Required action >> Give back exactly the lines of the material below, starting with the line with "2024年度業(yè)績說明會將于2025年4月29日(星期二)15:30 ~ 17:30舉行。[詳細]" and going on through the line with "Set on a generous".

──────── Data for processing ────────

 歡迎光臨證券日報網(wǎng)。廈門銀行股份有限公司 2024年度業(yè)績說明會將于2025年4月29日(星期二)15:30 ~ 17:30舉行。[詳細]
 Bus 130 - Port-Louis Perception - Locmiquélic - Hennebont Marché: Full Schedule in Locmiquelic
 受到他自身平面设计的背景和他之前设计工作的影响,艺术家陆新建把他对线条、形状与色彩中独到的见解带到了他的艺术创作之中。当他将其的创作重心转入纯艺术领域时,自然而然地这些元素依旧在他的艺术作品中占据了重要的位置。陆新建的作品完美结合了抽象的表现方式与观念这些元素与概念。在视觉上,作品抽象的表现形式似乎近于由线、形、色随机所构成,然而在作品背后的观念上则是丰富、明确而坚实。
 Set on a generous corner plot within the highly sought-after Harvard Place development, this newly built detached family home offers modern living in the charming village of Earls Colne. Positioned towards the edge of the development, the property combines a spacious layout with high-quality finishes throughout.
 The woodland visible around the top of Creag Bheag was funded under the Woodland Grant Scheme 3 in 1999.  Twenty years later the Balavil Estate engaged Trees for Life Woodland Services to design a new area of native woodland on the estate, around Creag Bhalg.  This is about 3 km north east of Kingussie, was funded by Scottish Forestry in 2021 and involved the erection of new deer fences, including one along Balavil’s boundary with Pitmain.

────────
──────── Data for processing ────────

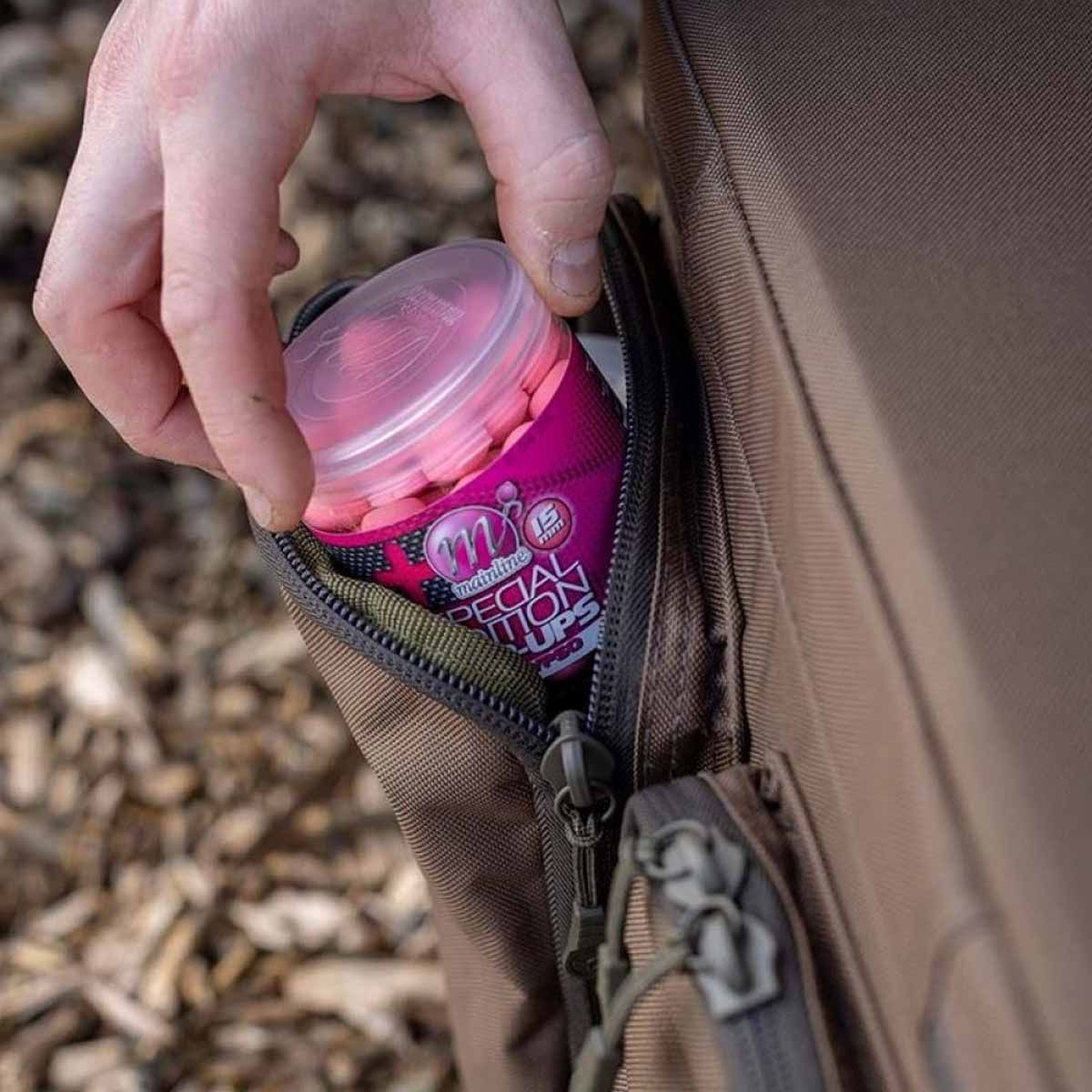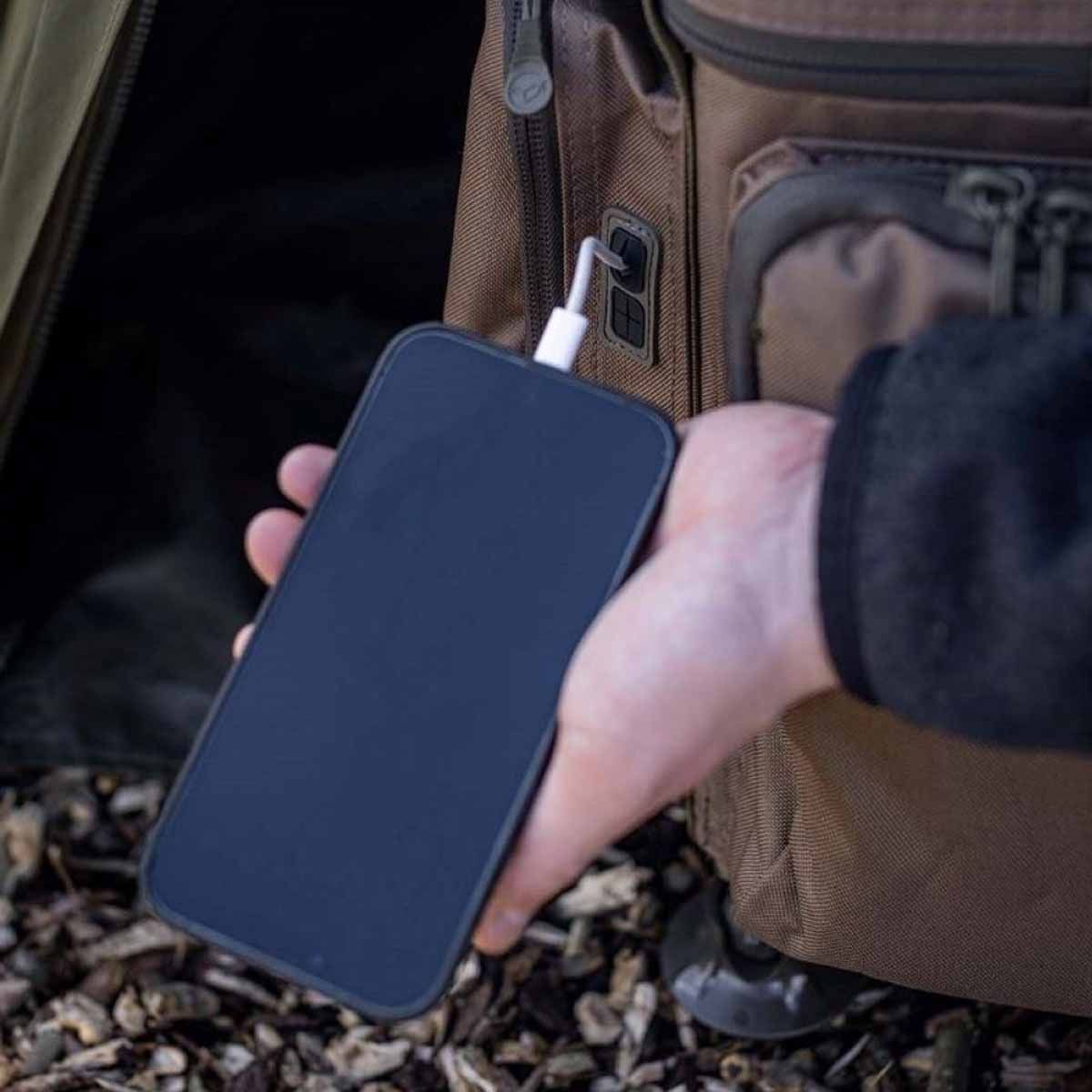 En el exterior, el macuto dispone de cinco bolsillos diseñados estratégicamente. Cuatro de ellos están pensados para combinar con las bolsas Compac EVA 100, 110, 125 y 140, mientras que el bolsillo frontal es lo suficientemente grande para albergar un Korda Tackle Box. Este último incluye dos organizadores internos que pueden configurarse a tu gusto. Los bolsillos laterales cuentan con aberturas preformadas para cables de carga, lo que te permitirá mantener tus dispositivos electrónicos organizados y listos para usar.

────────

Task solution >>
 歡迎光臨證券日報網(wǎng)。廈門銀行股份有限公司 2024年度業(yè)績說明會將于2025年4月29日(星期二)15:30 ~ 17:30舉行。[詳細]
 Bus 130 - Port-Louis Perception - Locmiquélic - Hennebont Marché: Full Schedule in Locmiquelic
 受到他自身平面设计的背景和他之前设计工作的影响,艺术家陆新建把他对线条、形状与色彩中独到的见解带到了他的艺术创作之中。当他将其的创作重心转入纯艺术领域时,自然而然地这些元素依旧在他的艺术作品中占据了重要的位置。陆新建的作品完美结合了抽象的表现方式与观念这些元素与概念。在视觉上,作品抽象的表现形式似乎近于由线、形、色随机所构成,然而在作品背后的观念上则是丰富、明确而坚实。
 Set on a generous corner plot within the highly sought-after Harvard Place development, this newly built detached family home offers modern living in the charming village of Earls Colne. Positioned towards the edge of the development, the property combines a spacious layout with high-quality finishes throughout.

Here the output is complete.